| Data for analysis |
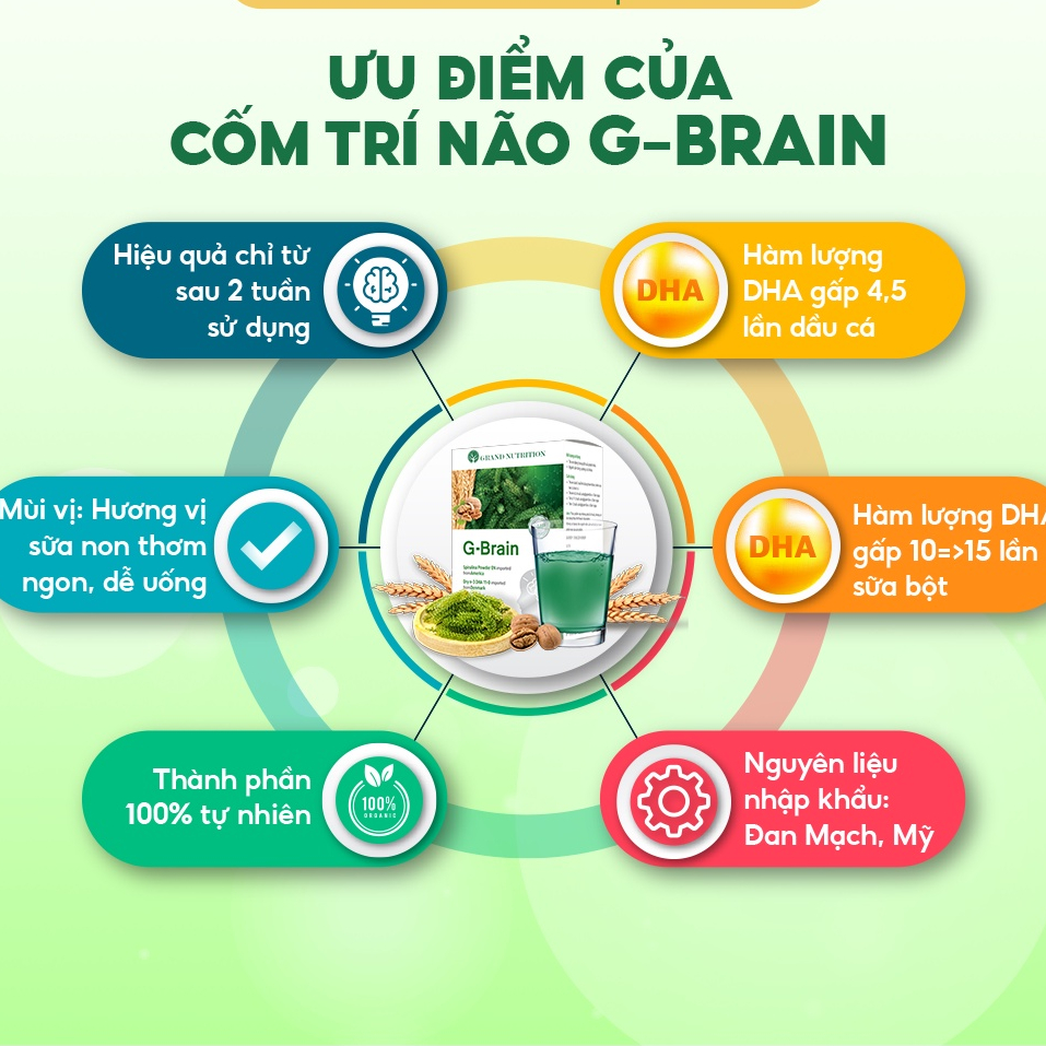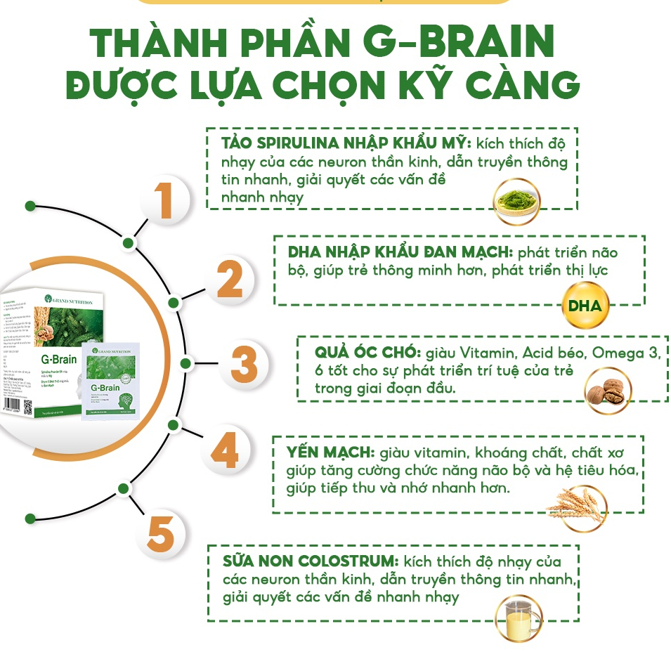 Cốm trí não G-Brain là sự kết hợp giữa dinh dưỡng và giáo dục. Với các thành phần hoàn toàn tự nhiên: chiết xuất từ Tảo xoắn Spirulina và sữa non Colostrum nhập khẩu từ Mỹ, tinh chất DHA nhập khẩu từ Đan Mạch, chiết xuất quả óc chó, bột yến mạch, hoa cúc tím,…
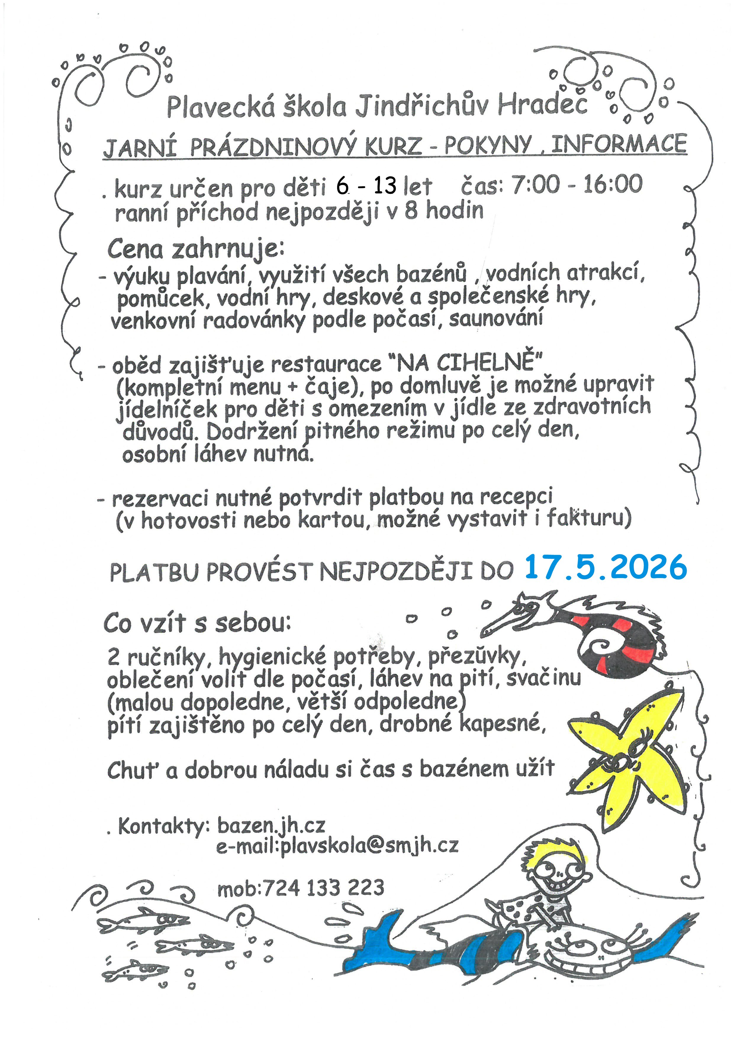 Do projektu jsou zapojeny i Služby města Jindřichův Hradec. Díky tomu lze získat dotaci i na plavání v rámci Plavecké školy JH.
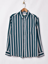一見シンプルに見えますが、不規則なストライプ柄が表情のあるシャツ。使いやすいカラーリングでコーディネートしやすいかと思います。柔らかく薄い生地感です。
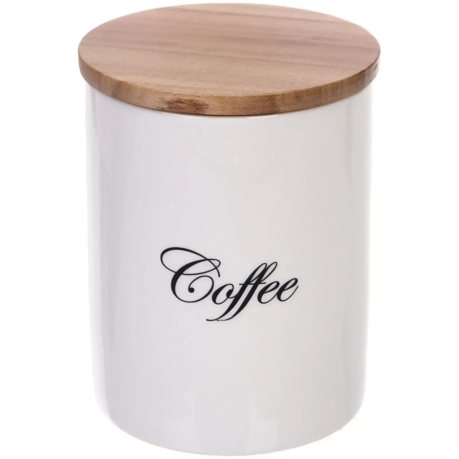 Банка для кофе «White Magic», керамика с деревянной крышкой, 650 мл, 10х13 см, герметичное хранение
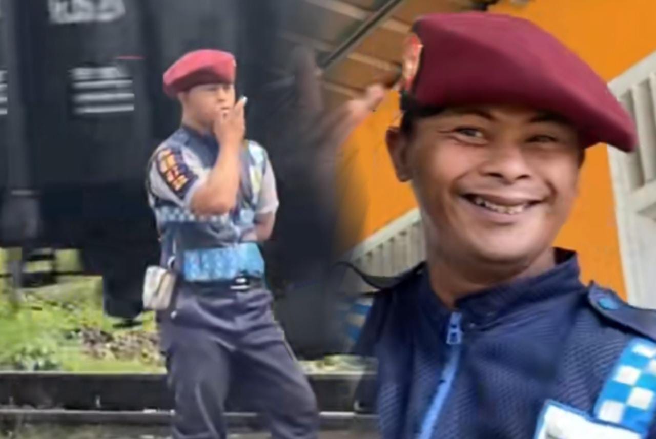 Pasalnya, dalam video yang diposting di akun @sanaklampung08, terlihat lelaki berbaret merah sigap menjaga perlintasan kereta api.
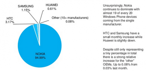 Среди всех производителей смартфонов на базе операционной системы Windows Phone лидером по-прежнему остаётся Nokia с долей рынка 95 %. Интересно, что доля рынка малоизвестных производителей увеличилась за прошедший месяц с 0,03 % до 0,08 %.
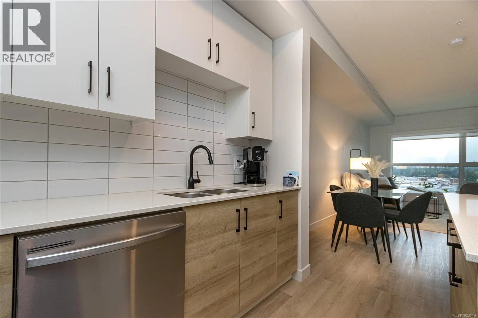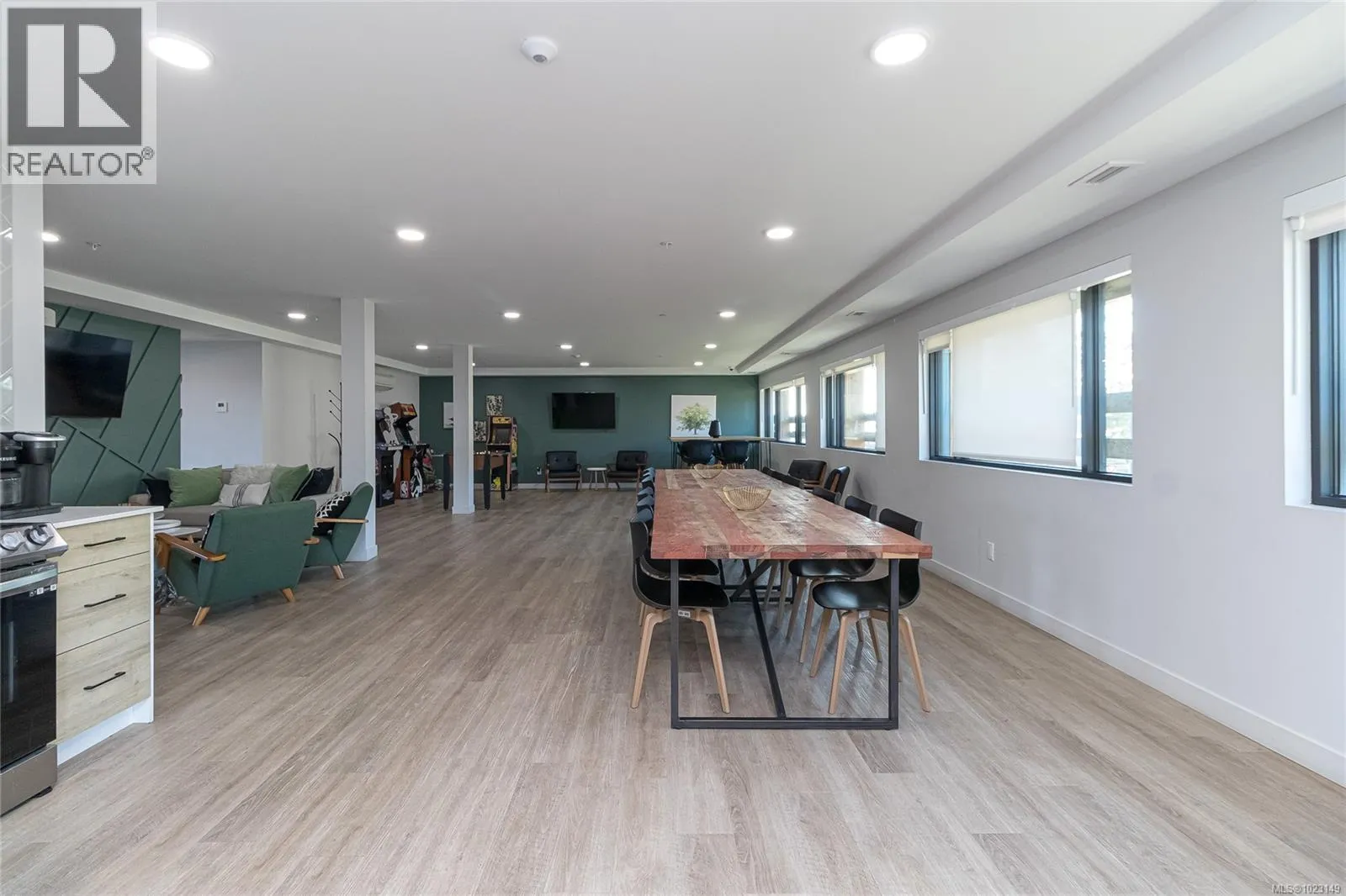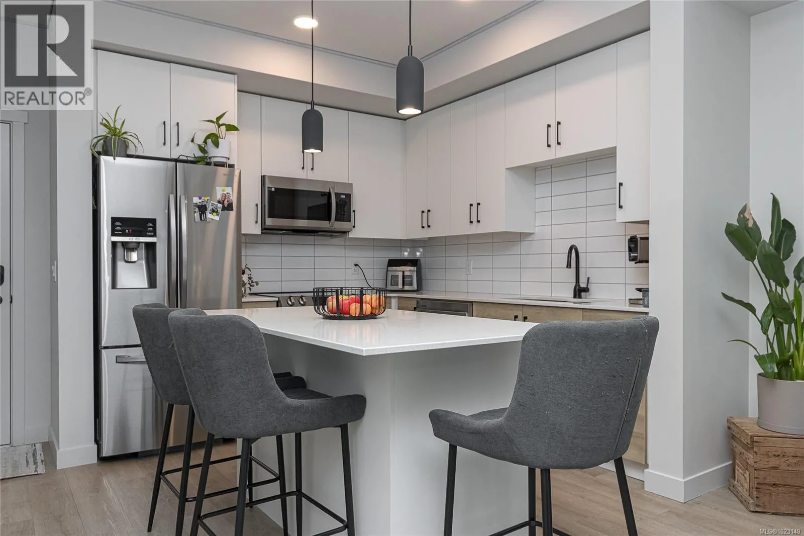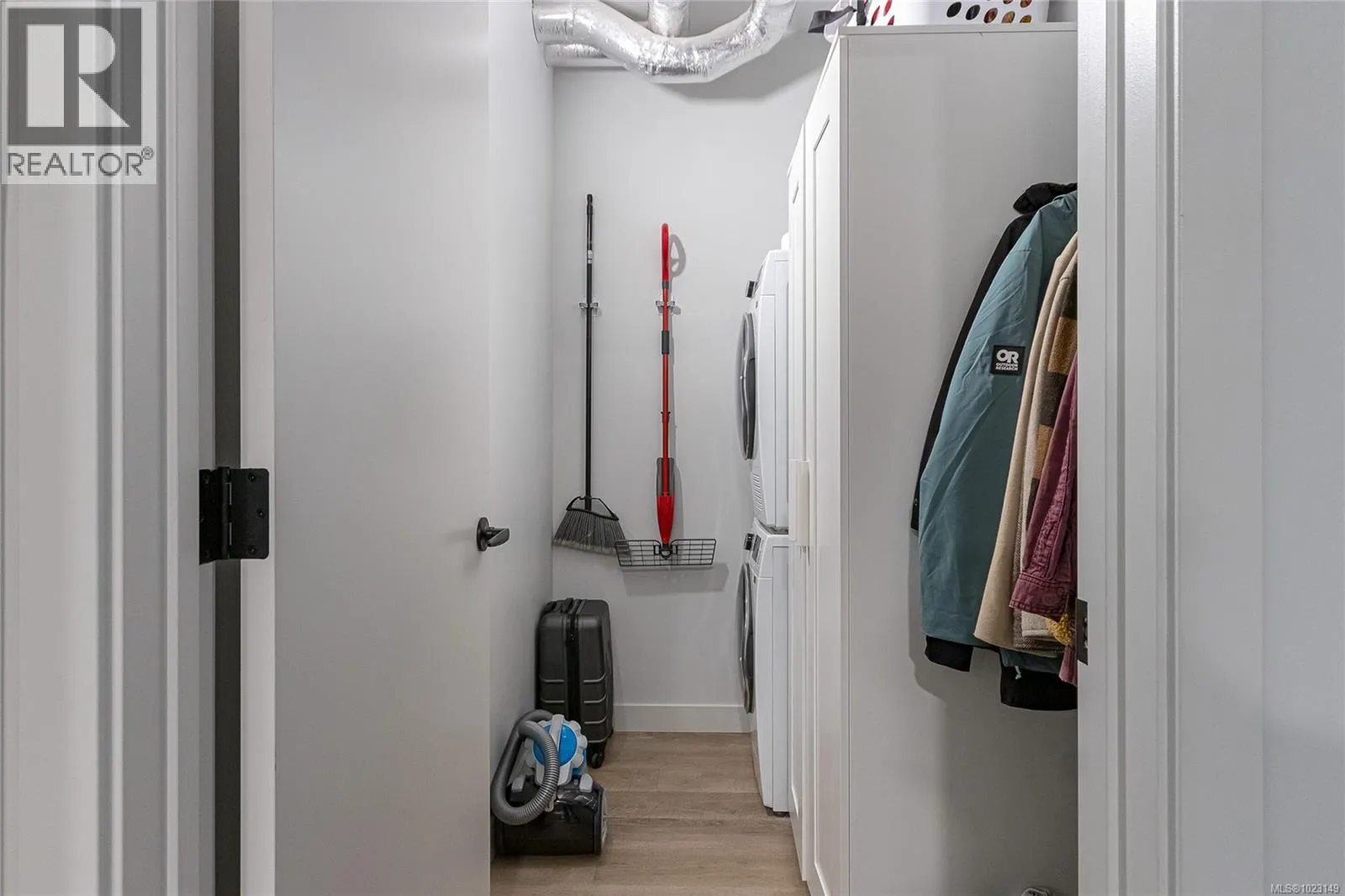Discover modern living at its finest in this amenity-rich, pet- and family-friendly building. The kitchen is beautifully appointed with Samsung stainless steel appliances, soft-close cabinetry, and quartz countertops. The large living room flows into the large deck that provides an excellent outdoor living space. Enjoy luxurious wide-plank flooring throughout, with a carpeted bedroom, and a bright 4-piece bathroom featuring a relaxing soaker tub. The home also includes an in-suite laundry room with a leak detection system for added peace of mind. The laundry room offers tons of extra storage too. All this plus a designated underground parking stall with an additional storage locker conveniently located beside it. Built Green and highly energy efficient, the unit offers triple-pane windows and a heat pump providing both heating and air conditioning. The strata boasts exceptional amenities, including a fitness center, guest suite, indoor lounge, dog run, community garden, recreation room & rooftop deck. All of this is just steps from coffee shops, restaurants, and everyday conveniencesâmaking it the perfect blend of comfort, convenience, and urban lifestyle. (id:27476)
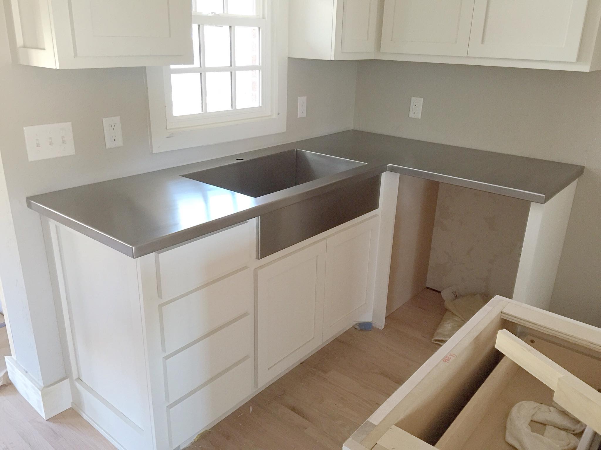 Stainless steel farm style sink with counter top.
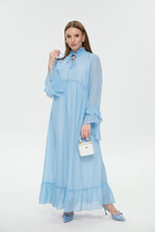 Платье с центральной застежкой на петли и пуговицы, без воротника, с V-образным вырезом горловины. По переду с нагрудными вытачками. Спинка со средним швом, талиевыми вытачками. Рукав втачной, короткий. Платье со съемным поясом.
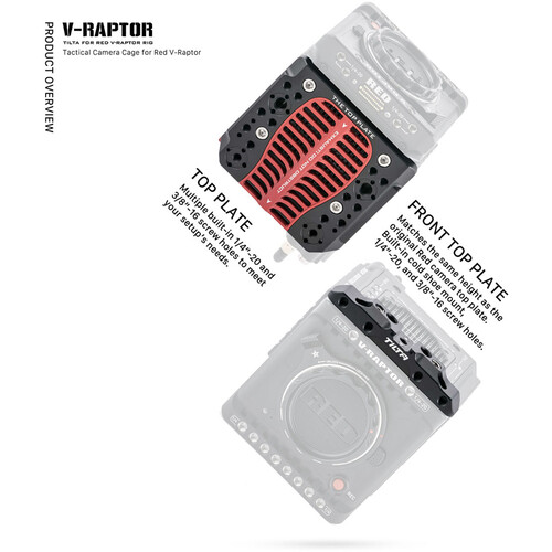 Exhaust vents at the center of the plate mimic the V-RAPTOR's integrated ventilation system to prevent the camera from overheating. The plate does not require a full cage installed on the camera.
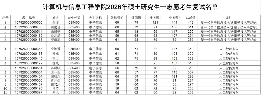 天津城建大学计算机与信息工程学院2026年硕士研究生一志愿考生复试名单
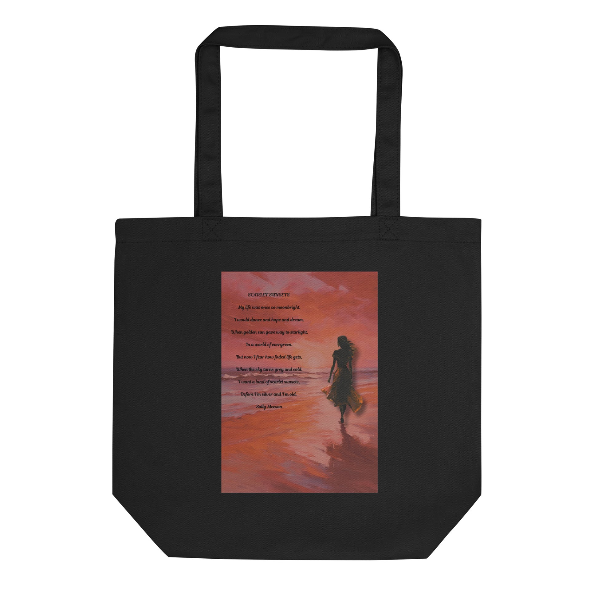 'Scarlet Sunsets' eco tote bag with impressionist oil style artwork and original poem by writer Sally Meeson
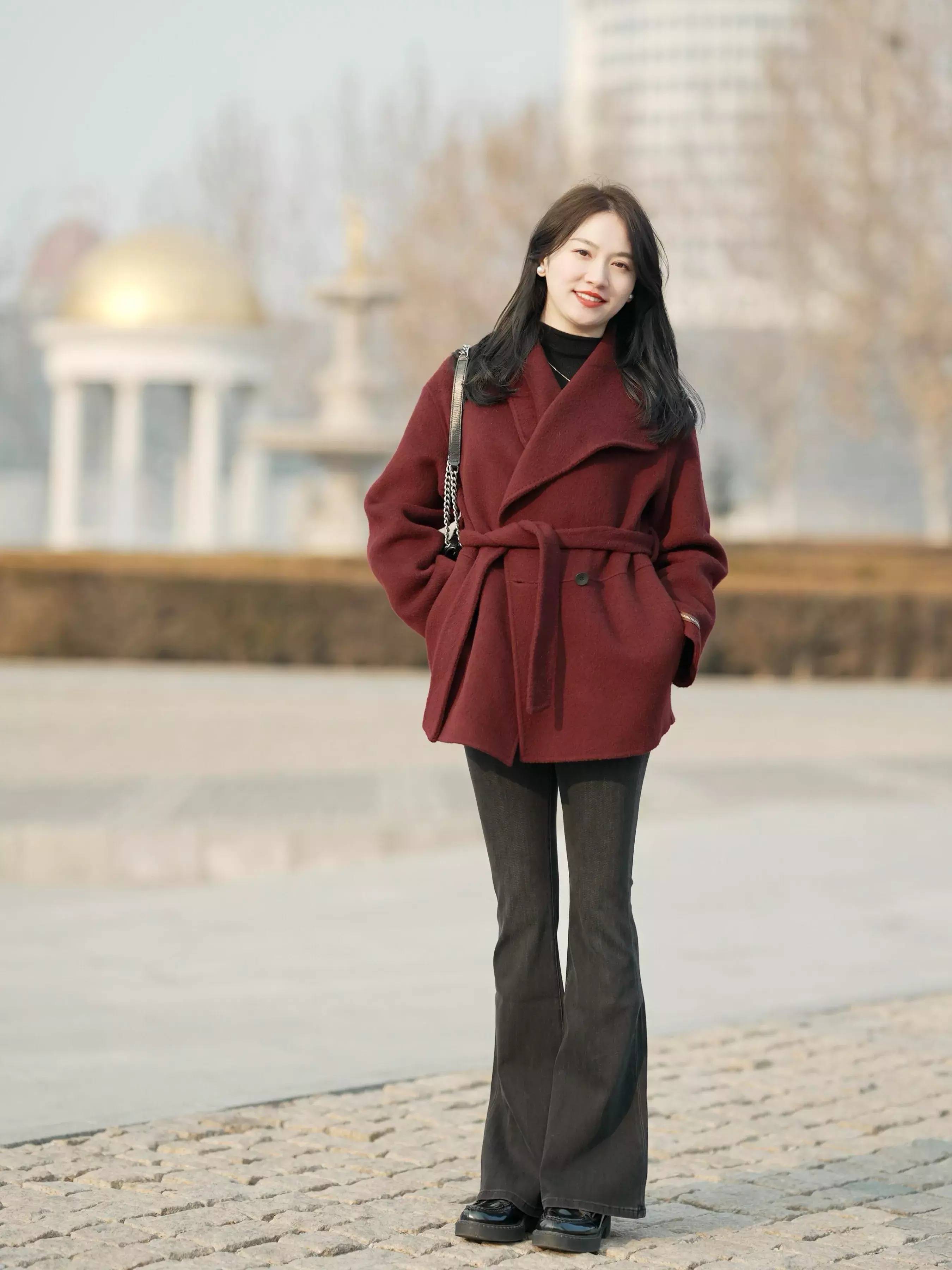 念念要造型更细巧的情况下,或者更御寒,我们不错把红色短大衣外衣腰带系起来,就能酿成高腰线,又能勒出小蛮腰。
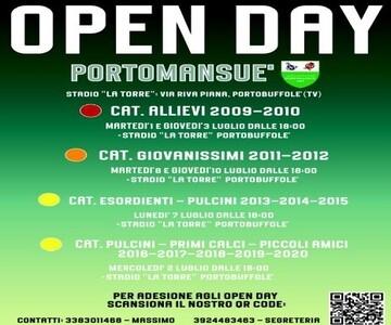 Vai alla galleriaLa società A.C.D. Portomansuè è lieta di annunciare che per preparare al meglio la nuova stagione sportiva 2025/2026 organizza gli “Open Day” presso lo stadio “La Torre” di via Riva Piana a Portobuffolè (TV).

| What you should do |
Recopy the full listing exactly, passing over any picture.

| Task solution |
 Cốm trí não G-Brain là sự kết hợp giữa dinh dưỡng và giáo dục. Với các thành phần hoàn toàn tự nhiên: chiết xuất từ Tảo xoắn Spirulina và sữa non Colostrum nhập khẩu từ Mỹ, tinh chất DHA nhập khẩu từ Đan Mạch, chiết xuất quả óc chó, bột yến mạch, hoa cúc tím,…
 Do projektu jsou zapojeny i Služby města Jindřichův Hradec. Díky tomu lze získat dotaci i na plavání v rámci Plavecké školy JH.
一見シンプルに見えますが、不規則なストライプ柄が表情のあるシャツ。使いやすいカラーリングでコーディネートしやすいかと思います。柔らかく薄い生地感です。
 Банка для кофе «White Magic», керамика с деревянной крышкой, 650 мл, 10х13 см, герметичное хранение
 Pasalnya, dalam video yang diposting di akun @sanaklampung08, terlihat lelaki berbaret merah sigap menjaga perlintasan kereta api.
 Среди всех производителей смартфонов на базе операционной системы Windows Phone лидером по-прежнему остаётся Nokia с долей рынка 95 %. Интересно, что доля рынка малоизвестных производителей увеличилась за прошедший месяц с 0,03 % до 0,08 %.
Discover modern living at its finest in this amenity-rich, pet- and family-friendly building. The kitchen is beautifully appointed with Samsung stainless steel appliances, soft-close cabinetry, and quartz countertops. The large living room flows into the large deck that provides an excellent outdoor living space. Enjoy luxurious wide-plank flooring throughout, with a carpeted bedroom, and a bright 4-piece bathroom featuring a relaxing soaker tub. The home also includes an in-suite laundry room with a leak detection system for added peace of mind. The laundry room offers tons of extra storage too. All this plus a designated underground parking stall with an additional storage locker conveniently located beside it. Built Green and highly energy efficient, the unit offers triple-pane windows and a heat pump providing both heating and air conditioning. The strata boasts exceptional amenities, including a fitness center, guest suite, indoor lounge, dog run, community garden, recreation room & rooftop deck. All of this is just steps from coffee shops, restaurants, and everyday conveniencesâmaking it the perfect blend of comfort, convenience, and urban lifestyle. (id:27476)
 Stainless steel farm style sink with counter top.
 Платье с центральной застежкой на петли и пуговицы, без воротника, с V-образным вырезом горловины. По переду с нагрудными вытачками. Спинка со средним швом, талиевыми вытачками. Рукав втачной, короткий. Платье со съемным поясом.
 Exhaust vents at the center of the plate mimic the V-RAPTOR's integrated ventilation system to prevent the camera from overheating. The plate does not require a full cage installed on the camera.
 天津城建大学计算机与信息工程学院2026年硕士研究生一志愿考生复试名单
 'Scarlet Sunsets' eco tote bag with impressionist oil style artwork and original poem by writer Sally Meeson
 念念要造型更细巧的情况下,或者更御寒,我们不错把红色短大衣外衣腰带系起来,就能酿成高腰线,又能勒出小蛮腰。
 Vai alla galleriaLa società A.C.D. Portomansuè è lieta di annunciare che per preparare al meglio la nuova stagione sportiva 2025/2026 organizza gli “Open Day” presso lo stadio “La Torre” di via Riva Piana a Portobuffolè (TV).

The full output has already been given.